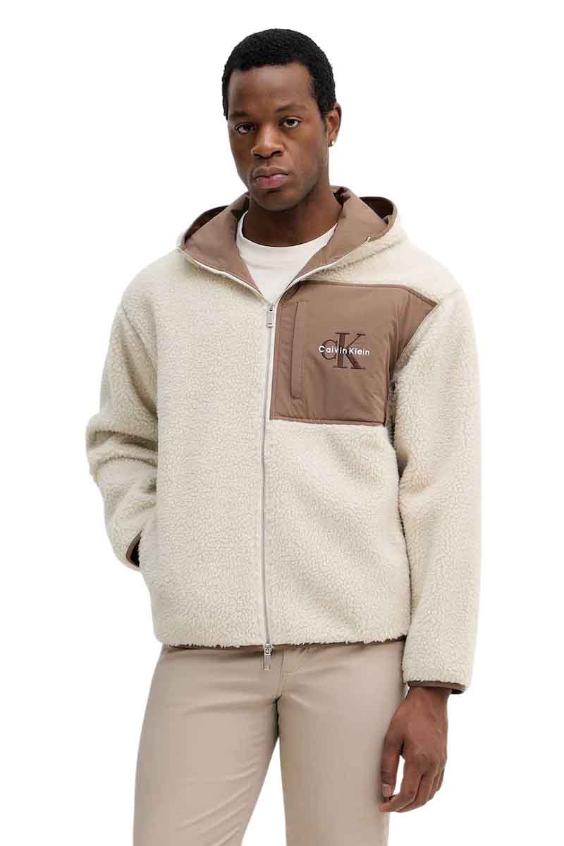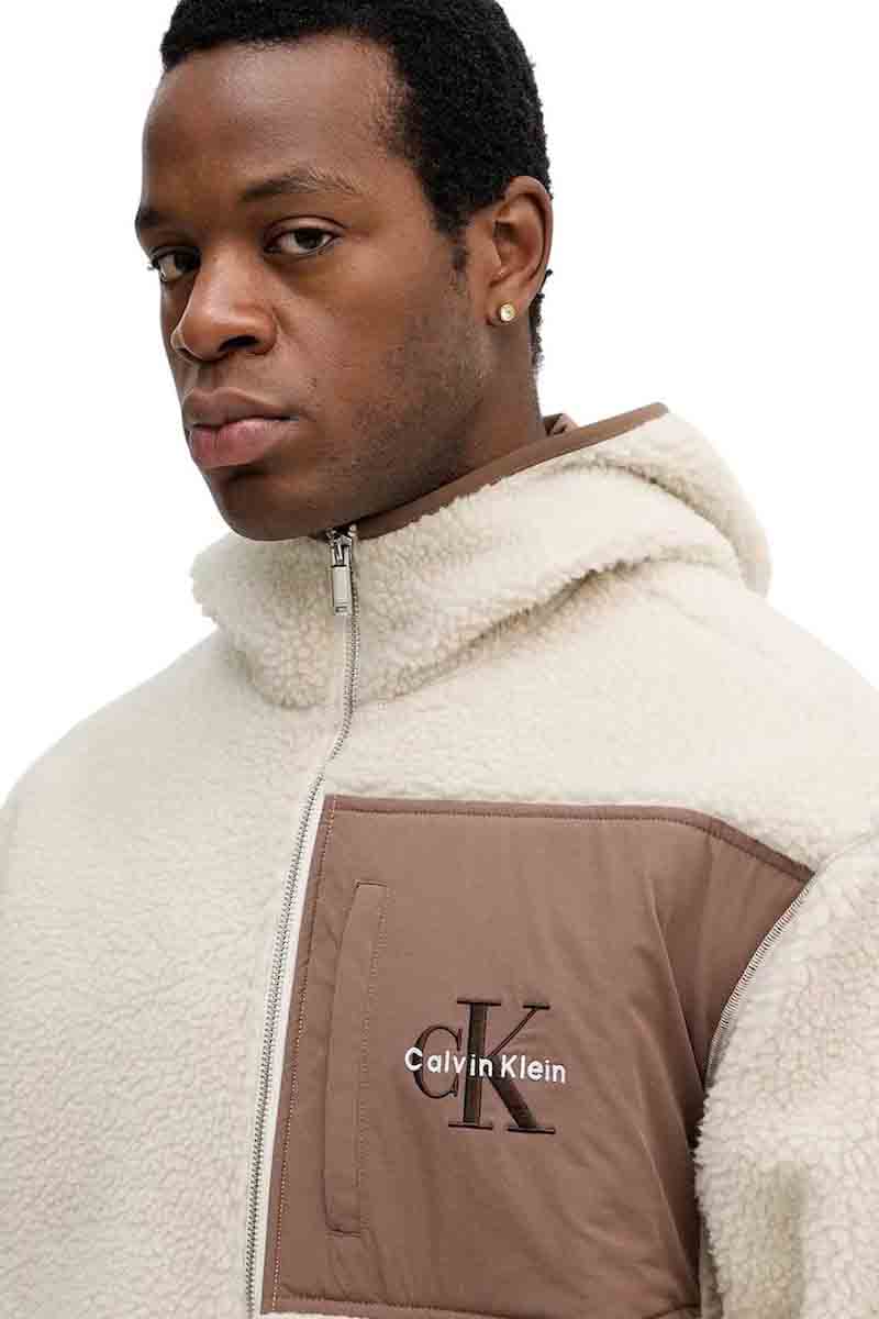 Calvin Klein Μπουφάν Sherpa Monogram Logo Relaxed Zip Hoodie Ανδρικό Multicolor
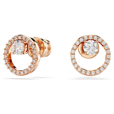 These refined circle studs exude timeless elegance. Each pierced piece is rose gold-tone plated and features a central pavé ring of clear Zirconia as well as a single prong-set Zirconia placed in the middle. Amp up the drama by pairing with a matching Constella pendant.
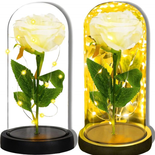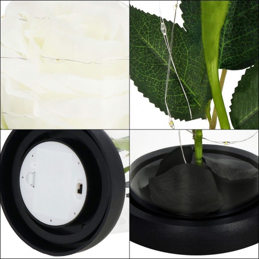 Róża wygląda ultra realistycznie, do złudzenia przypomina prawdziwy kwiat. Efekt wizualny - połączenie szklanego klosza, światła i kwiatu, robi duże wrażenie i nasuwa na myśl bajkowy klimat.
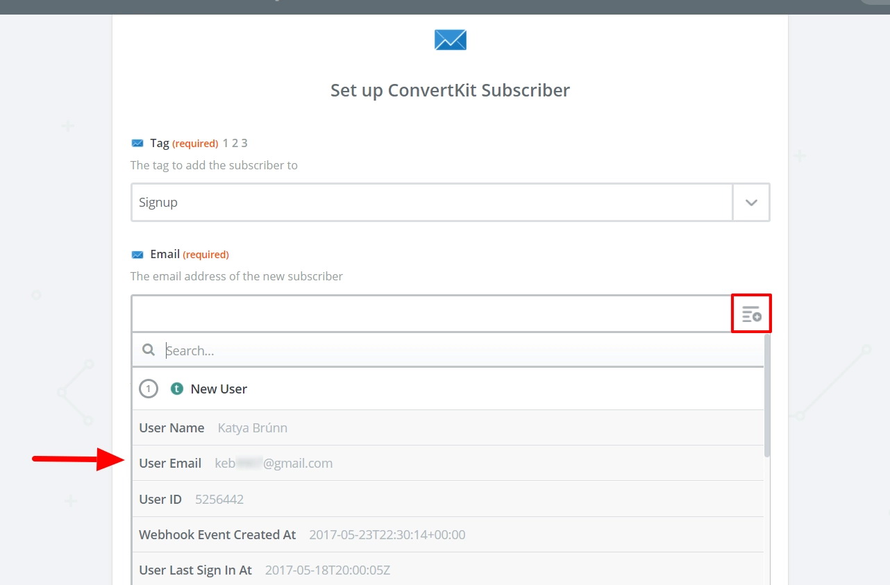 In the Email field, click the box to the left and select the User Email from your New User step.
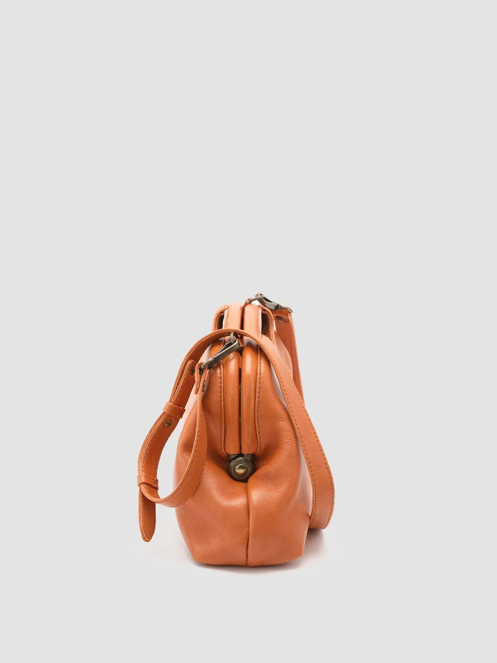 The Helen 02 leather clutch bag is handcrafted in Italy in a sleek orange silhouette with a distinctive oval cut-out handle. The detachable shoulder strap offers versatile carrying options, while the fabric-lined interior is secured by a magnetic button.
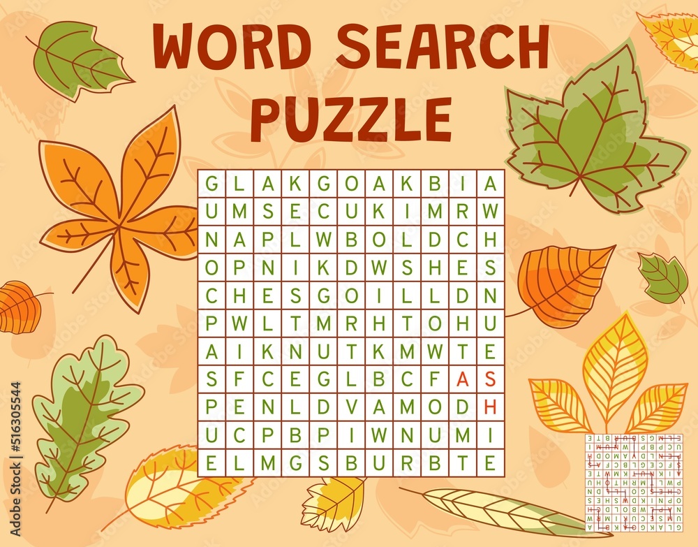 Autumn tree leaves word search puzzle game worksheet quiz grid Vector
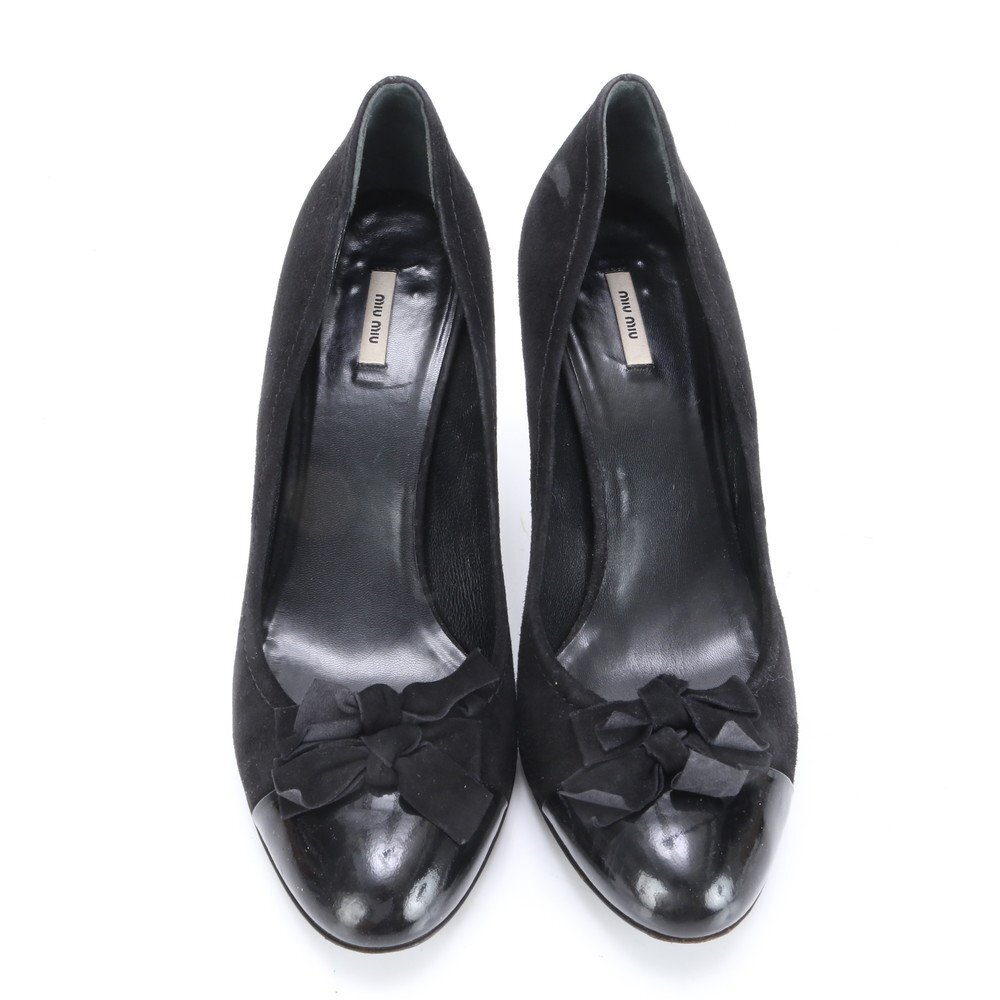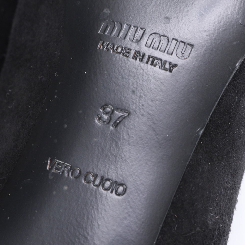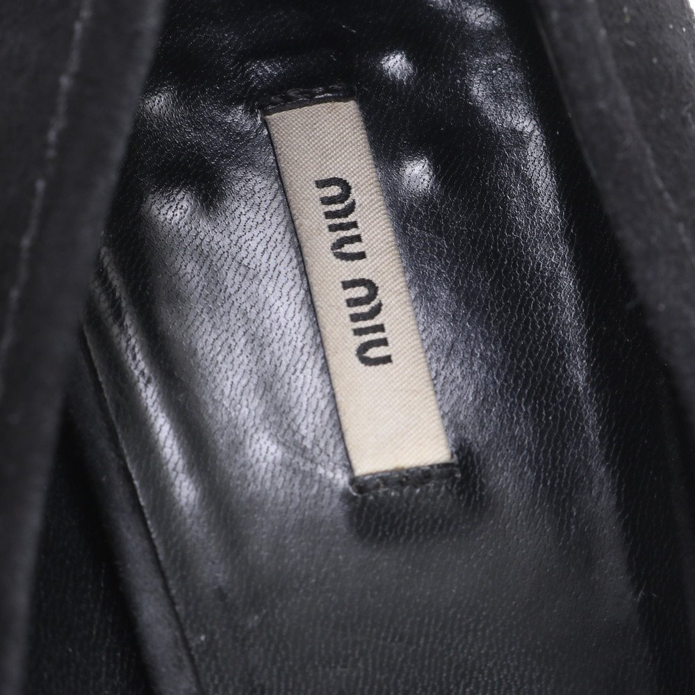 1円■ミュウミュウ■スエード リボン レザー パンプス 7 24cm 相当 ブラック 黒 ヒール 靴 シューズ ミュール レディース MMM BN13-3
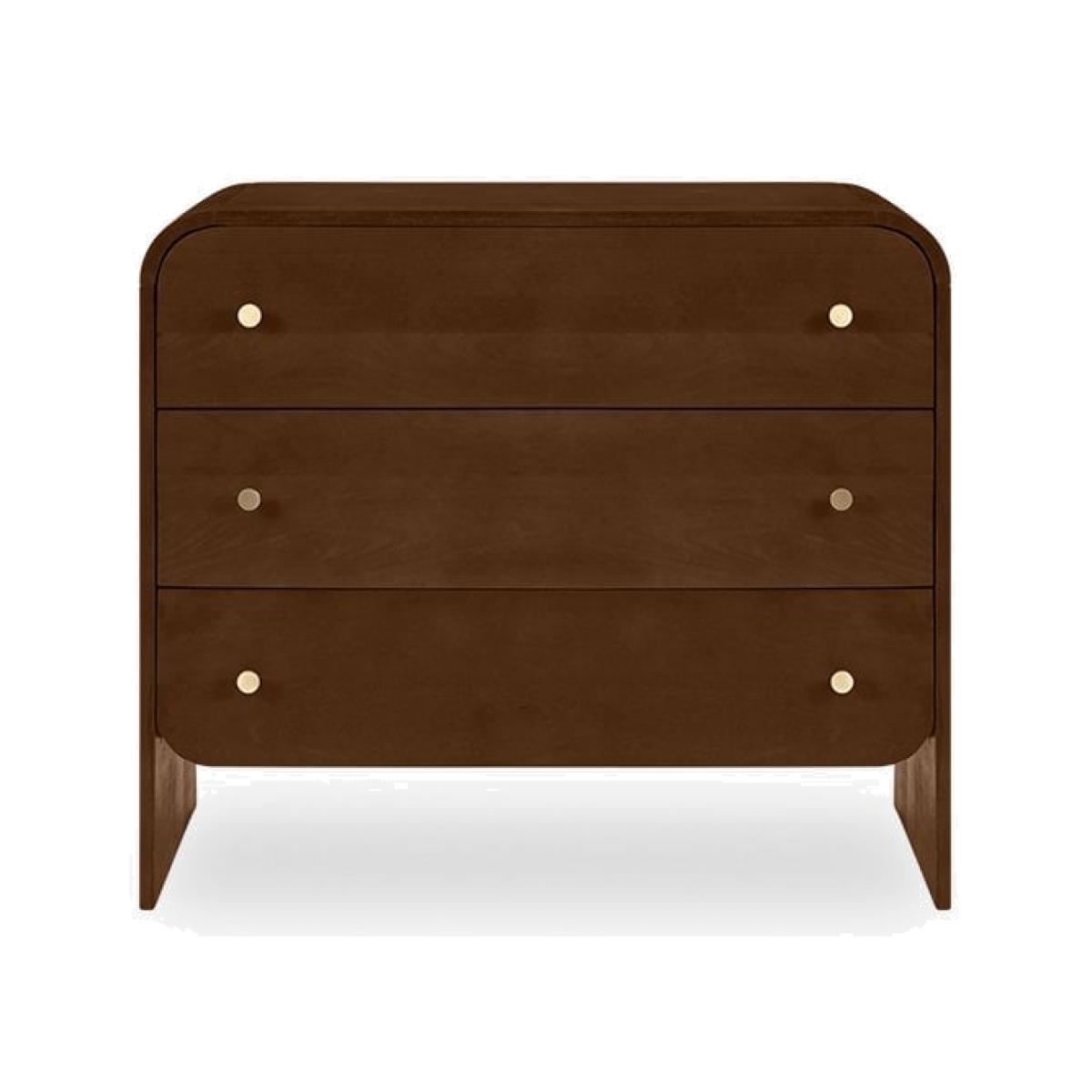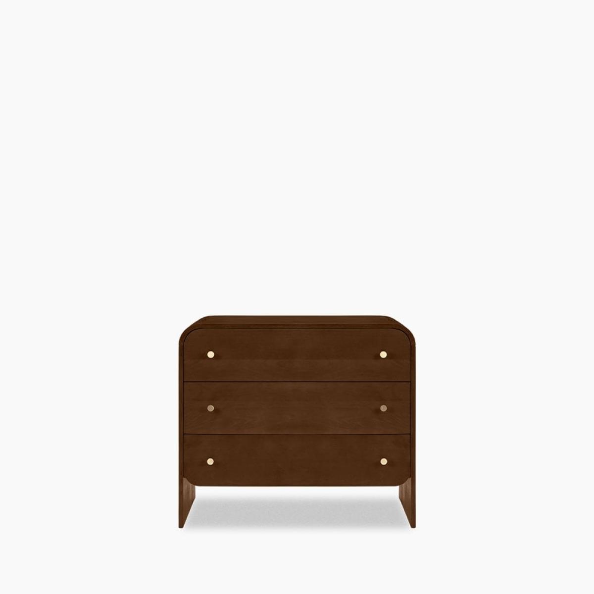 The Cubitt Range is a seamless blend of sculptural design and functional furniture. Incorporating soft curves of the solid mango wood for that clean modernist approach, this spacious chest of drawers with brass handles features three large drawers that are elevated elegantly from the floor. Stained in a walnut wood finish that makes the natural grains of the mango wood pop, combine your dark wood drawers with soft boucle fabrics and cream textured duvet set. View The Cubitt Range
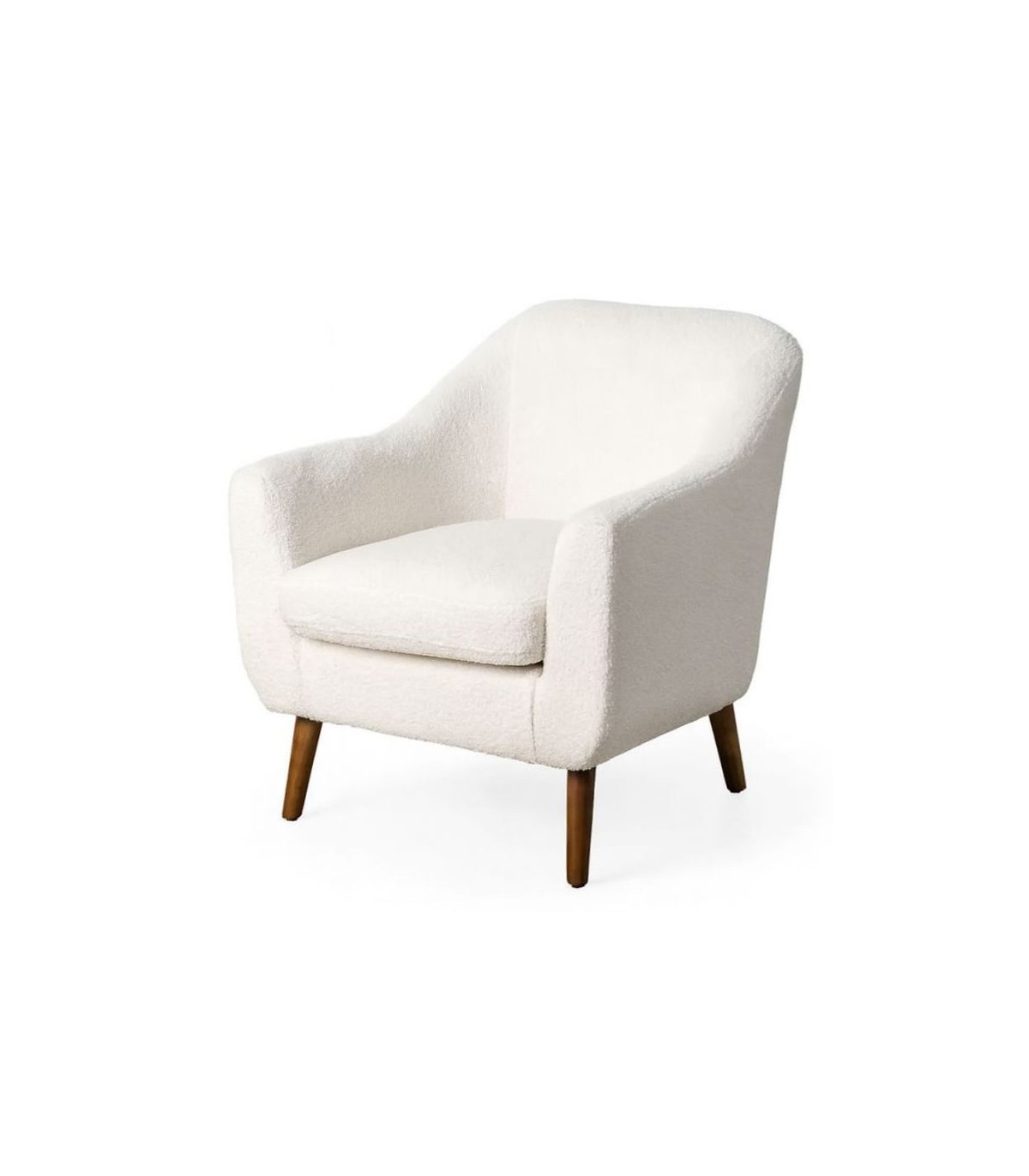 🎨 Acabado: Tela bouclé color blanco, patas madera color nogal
◆ ◆ ◆ ◆ ◆
◆ **Task requirements**
Reprint the entries above exactly, images removed.

◆ **Result of this exercise**
 Calvin Klein Μπουφάν Sherpa Monogram Logo Relaxed Zip Hoodie Ανδρικό Multicolor
 These refined circle studs exude timeless elegance. Each pierced piece is rose gold-tone plated and features a central pavé ring of clear Zirconia as well as a single prong-set Zirconia placed in the middle. Amp up the drama by pairing with a matching Constella pendant.
 Róża wygląda ultra realistycznie, do złudzenia przypomina prawdziwy kwiat. Efekt wizualny - połączenie szklanego klosza, światła i kwiatu, robi duże wrażenie i nasuwa na myśl bajkowy klimat.
 In the Email field, click the box to the left and select the User Email from your New User step.
 The Helen 02 leather clutch bag is handcrafted in Italy in a sleek orange silhouette with a distinctive oval cut-out handle. The detachable shoulder strap offers versatile carrying options, while the fabric-lined interior is secured by a magnetic button.
 Autumn tree leaves word search puzzle game worksheet quiz grid Vector
 1円■ミュウミュウ■スエード リボン レザー パンプス 7 24cm 相当 ブラック 黒 ヒール 靴 シューズ ミュール レディース MMM BN13-3
 The Cubitt Range is a seamless blend of sculptural design and functional furniture. Incorporating soft curves of the solid mango wood for that clean modernist approach, this spacious chest of drawers with brass handles features three large drawers that are elevated elegantly from the floor. Stained in a walnut wood finish that makes the natural grains of the mango wood pop, combine your dark wood drawers with soft boucle fabrics and cream textured duvet set. View The Cubitt Range
 🎨 Acabado: Tela bouclé color blanco, patas madera color nogal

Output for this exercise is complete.